When you start jruby using the provided jruby script it actually sets the file.encoding system property to utf-8. However, this does not affect java.nio.charset.Charset.defaultCharset(), which is used a lot by Jruby. IMHO that is a bug and a serious one. Let me spell this out: any code that relies on java.nio.charset.Charset.defaultCharset() is broken. Unless you explicitly want to support legacy content that is not in UTF-8, in which case you should be very explicit about exactly which of the gazillion encodings you want. The chances of that aligning with the defaults are going to be slim.

This broke in a particularly weird way for me: it was working fine on OS X (with its broken system defaults). However, it broke on our server, which is Ubuntu 12.04 LTS. If you’ve ever used ubuntu, you may have noticed that terminals use UTF-8 by default. This is great, all operating systems should do this. There’s one problem though: it’s not actually system wide and my mistake was assuming that it was. It’s fine when you log in and use a terminal. However, when starting jruby from an init.d script with a sudo, the terminal encoding reverts back to some shit ansi default from the nineteen sixties that is 100% guaranteed inappropriate for any modern web server.

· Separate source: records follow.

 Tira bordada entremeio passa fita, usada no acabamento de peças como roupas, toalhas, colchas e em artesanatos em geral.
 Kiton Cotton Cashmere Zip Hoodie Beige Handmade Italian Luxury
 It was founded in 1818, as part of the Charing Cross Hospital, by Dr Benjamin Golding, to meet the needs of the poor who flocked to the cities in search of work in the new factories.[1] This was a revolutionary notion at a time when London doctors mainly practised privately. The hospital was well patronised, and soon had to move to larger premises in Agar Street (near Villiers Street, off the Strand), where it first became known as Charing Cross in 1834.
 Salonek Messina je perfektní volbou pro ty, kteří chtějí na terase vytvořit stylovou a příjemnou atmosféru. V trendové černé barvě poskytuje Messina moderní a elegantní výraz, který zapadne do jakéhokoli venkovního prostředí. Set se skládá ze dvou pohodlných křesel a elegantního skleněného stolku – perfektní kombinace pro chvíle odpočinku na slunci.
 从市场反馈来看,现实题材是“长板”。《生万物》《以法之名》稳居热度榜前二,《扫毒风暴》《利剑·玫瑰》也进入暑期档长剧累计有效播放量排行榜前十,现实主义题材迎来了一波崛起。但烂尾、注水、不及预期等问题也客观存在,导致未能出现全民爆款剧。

This default is then passed on to the jvm, which causes jruby with rack to the wrong things.

The fix, add this to your script:

export LC_ALL=en_US.UTF-8
export LANG=en_US.UTF-8
export LANGUAGE=en_US.UTF-8

This forces the encoding to be correct in the bash script and should hopefully trickle down the broken pile of software that just assumes the defaults make sense.

Crypto Crap in Python

I’m looking into doing a little cryptographic stuff in python. Nothing fancy, just some standard stuff. Not for the first time I’m bumping into this brick wall of “batteries included”, the notion that the python library comes with a lot of stuff that should be good enough for whatever you need to do. Only problem is that it doesn’t. XML parsing stinks in Python; http IO stinks (need lots of third party stuff to make that usable); no UTF-8 by default; etc.

Out of the box python is bloody useless unless you want to do some very simplistic stuff. So basically my problem is very simple: I need to be able to sign stuff and verify signatures in a way that is compatible with how stuff like this stuff is commonly done on the internet ™. I.e. you’d expect some pretty mature, well tested libraries to be around for whatever programming language you’d like to use. I know exactly where to go to get this stuff for Java, for example.

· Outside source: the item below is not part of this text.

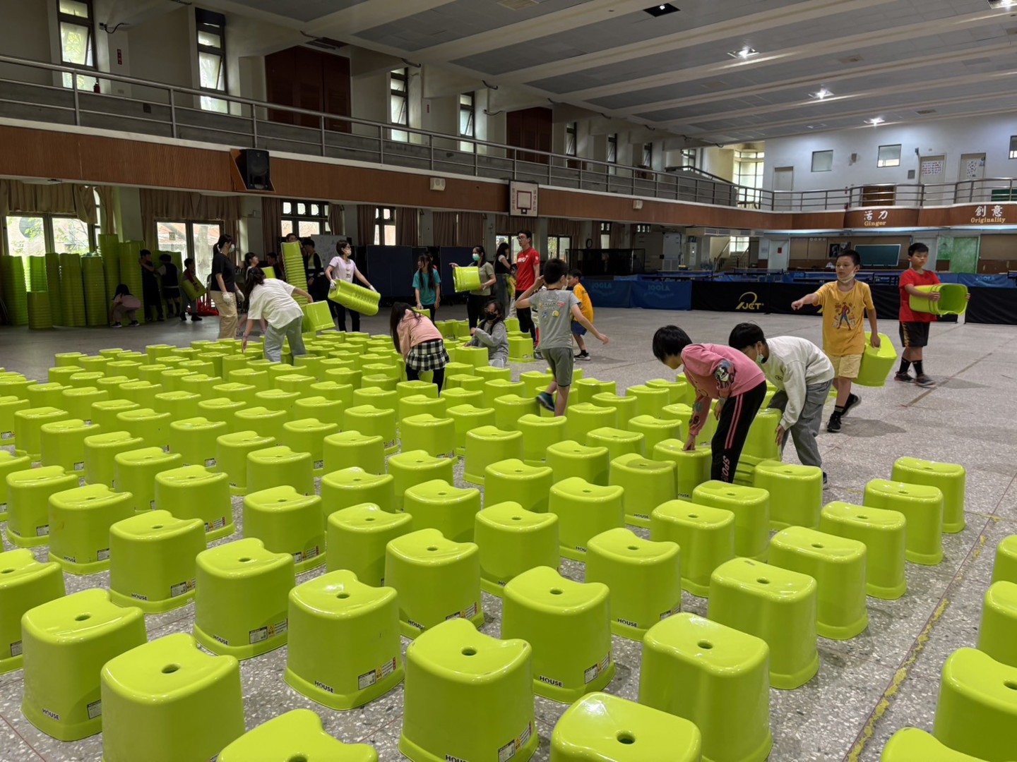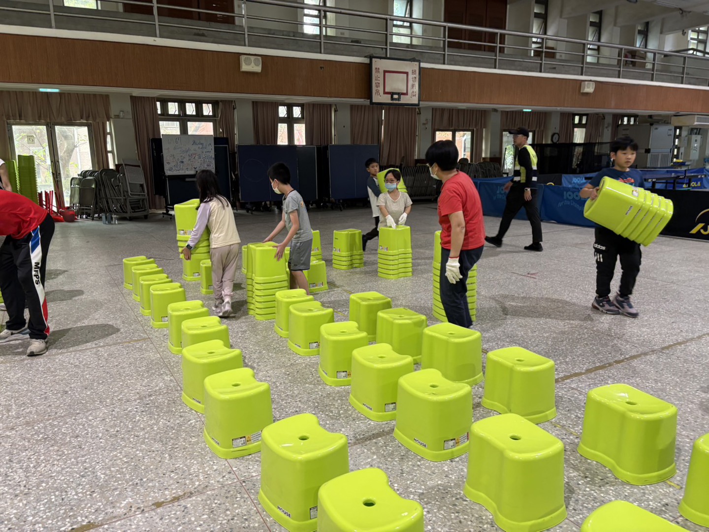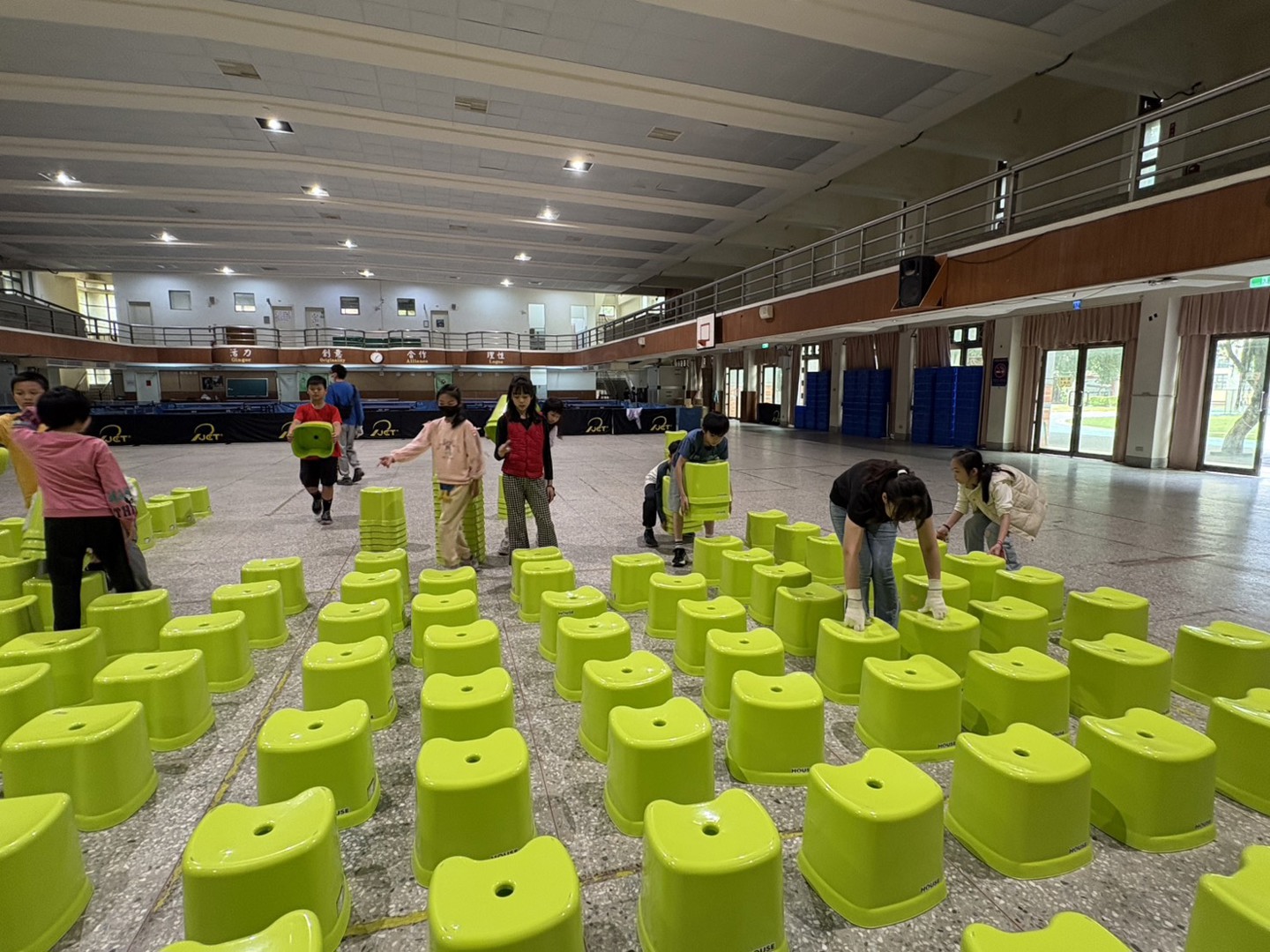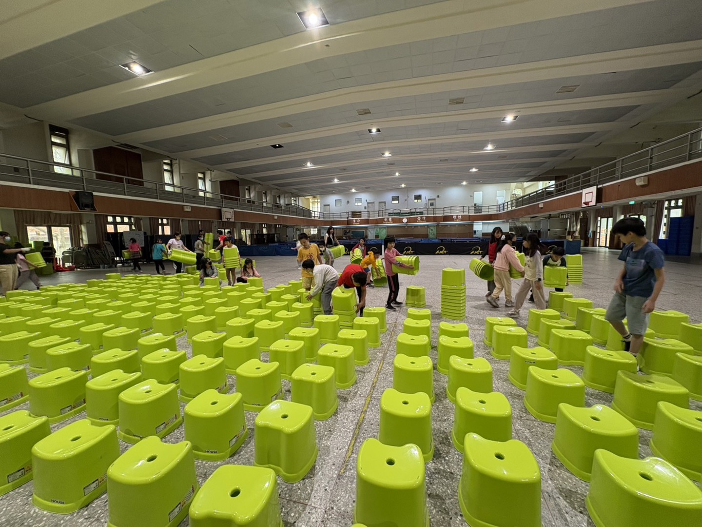 明天登場的115年兒童節慶祝大會將在活動中心舉辦,本校最貼心的總務處服務團隊下午幫忙活動排小綠椅,讓學生可以清楚看到精采表演,特別感謝金志鴻老師帶領409班學生協助一起排椅子,小椅子高度約40公分小朋友坐好後也不會擋到後面的人,大家就可以好好觀賞一連串表演。
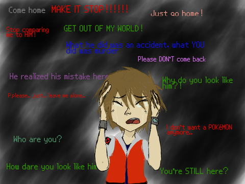 Well here it is. The final version of the picture. As you can tell I made a lot of changed on the computer when doing this, I actually gave him arms, added a hat. The image itself is suppose to show how Steven held onto his anger and sorrow for so long that it started to poison his body and soul. I did make him appear rather normal for the most part, but you can see this black cloudy shadow over part of his face.Clothes:

So we’re looking at some very basic capability to do stuff with algorithms like RSA, SHA1, MD5 etc. Batteries not included with python at all so I Google a bit to find out what people commonly use for this in python and stumble upon what seems to be the most popular library pycrypto. It seems to have all the algorithms, great! Only one minor detail that has had me crawl all over Google for the entire afternoon:

Public keys usually come as base64 encoded thingies: how the hell do I get them in and out of the functions/classes and what not provided by pycrypto. Batteries not included. After a long search, I find this nice post.

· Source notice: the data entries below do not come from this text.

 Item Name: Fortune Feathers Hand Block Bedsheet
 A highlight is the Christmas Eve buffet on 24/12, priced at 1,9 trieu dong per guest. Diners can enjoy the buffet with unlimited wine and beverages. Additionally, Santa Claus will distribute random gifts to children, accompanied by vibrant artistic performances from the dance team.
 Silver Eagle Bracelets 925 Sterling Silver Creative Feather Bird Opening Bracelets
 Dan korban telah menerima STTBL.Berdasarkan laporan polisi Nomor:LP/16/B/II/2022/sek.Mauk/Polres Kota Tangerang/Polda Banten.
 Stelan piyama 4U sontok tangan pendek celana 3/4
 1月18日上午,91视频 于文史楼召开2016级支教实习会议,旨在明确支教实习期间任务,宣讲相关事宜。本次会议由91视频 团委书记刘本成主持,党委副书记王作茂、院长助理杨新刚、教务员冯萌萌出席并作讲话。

Basically it’s telling me that various people have bothered to provide nice libraries with relevant code for python but somehow all of them have neglected to provide this very basic functionality that you will need 100% guaranteed. That just sucks. In the hypothetical case that you’d actually want to use this stuff to do hypothetically useful things like verifying a signature attached to some http request you will basically find yourself reverse engineering this poorly documented library and figuring out how to get from a base 64 encoded RSA key to a properly configured RSA class instance and back again. I had lots of fun (not) reading about the details of RSA, x.509, etc.

Eventually I found some sample code here that seems to half do what I need. But I’d just prefer to be able to reuse something that is hassle free instead of copy pasting somebody else’s code and debugging it until it works as expected and basically reinventing the wheel by making what would amount to Jilles private little python crypto library. I have better things to do.